On Fri, 6 Oct 2006, Joachim Breitner wrote:
> I'm currently volunteering at a college in Ghana to introduce Linux. I
> have setup up automatic network installation, and so far this works. But
> I have a problem with the existing windows installation on the computers
> in one classroom: I resize the existing windows partition using
> ntfsresize, but afterwards, windows won't boot any more.
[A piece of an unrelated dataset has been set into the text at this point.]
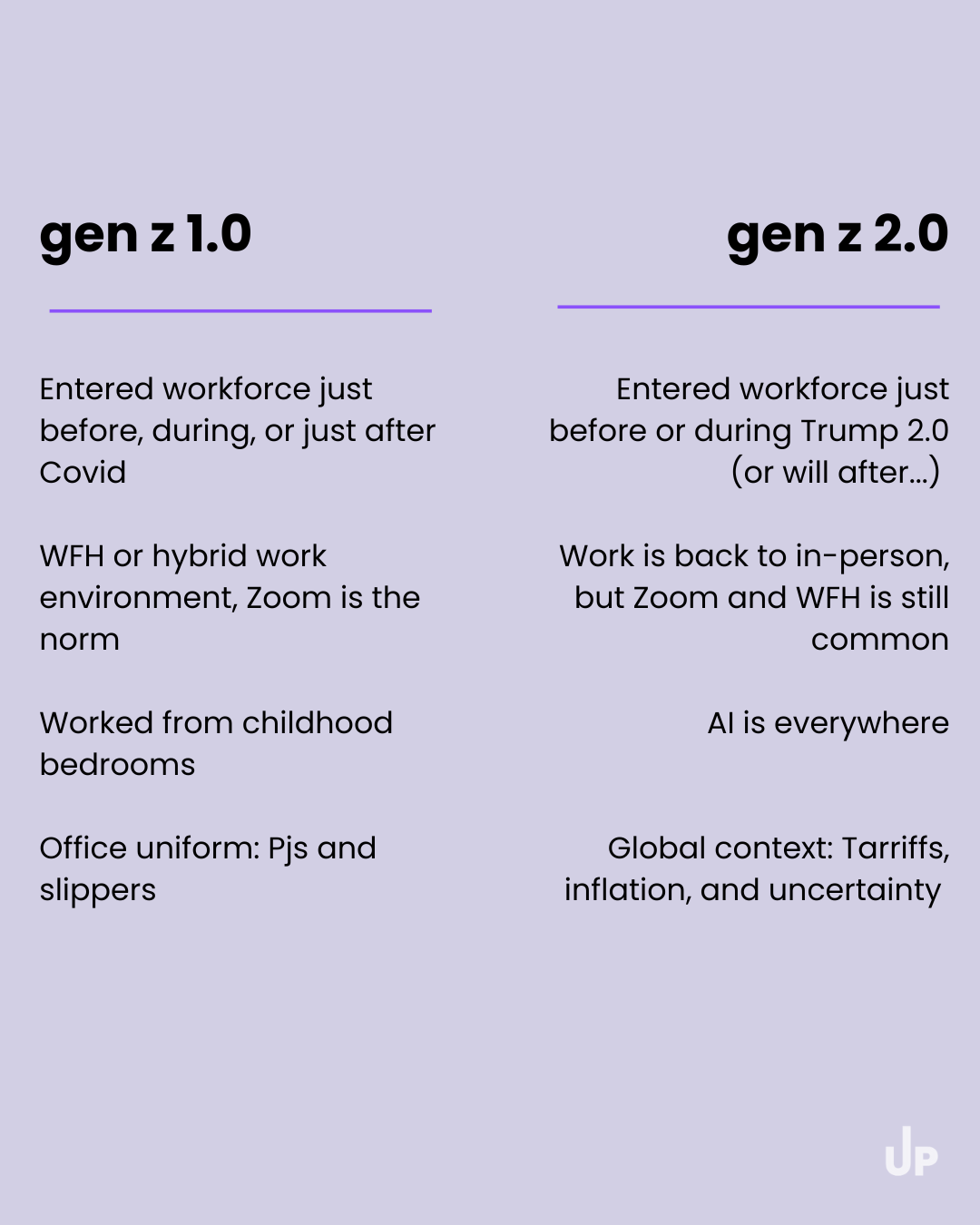 Has that all compounded for Gen Z? The oldest Gen Zers in Gen Z 1.0 were the ones who graduated college just before, during, or just after the pandemic. We faced our fair share of trauma and a bizarre entry to the real world and workforce – working out of our childhood bedrooms in our pajamas.

Unfortunately this is a well known problem with __partitioners__, not with
ntfsresize (ntfsresize is independent of the storage type by design to
promote its general use). Please see here more (as the ntfsresize author,
I maintain it):
http://mlf.linux.rulez.org/mlf/ezaz/ntfsresize.html#troubleshoot
> I can access the partition from Linux, I can start the recovery console
> of the Windows CD, but neither fixboot, fixmbr or changing the
Neither fixboot, nor fixmbr can fix broken partition tables. Only a
partitoner could like parted, fdisk, cfdisk. Unfortunately their partition
table generation is very random and sometimes broken. You must set the
geometry in the partition table in the way the Windows boot process expects
it to be, that is the legacy BIOS values (you can get it via EDD).
You may check out the Unattended project for more who are doing similar
things as you and had the same problem.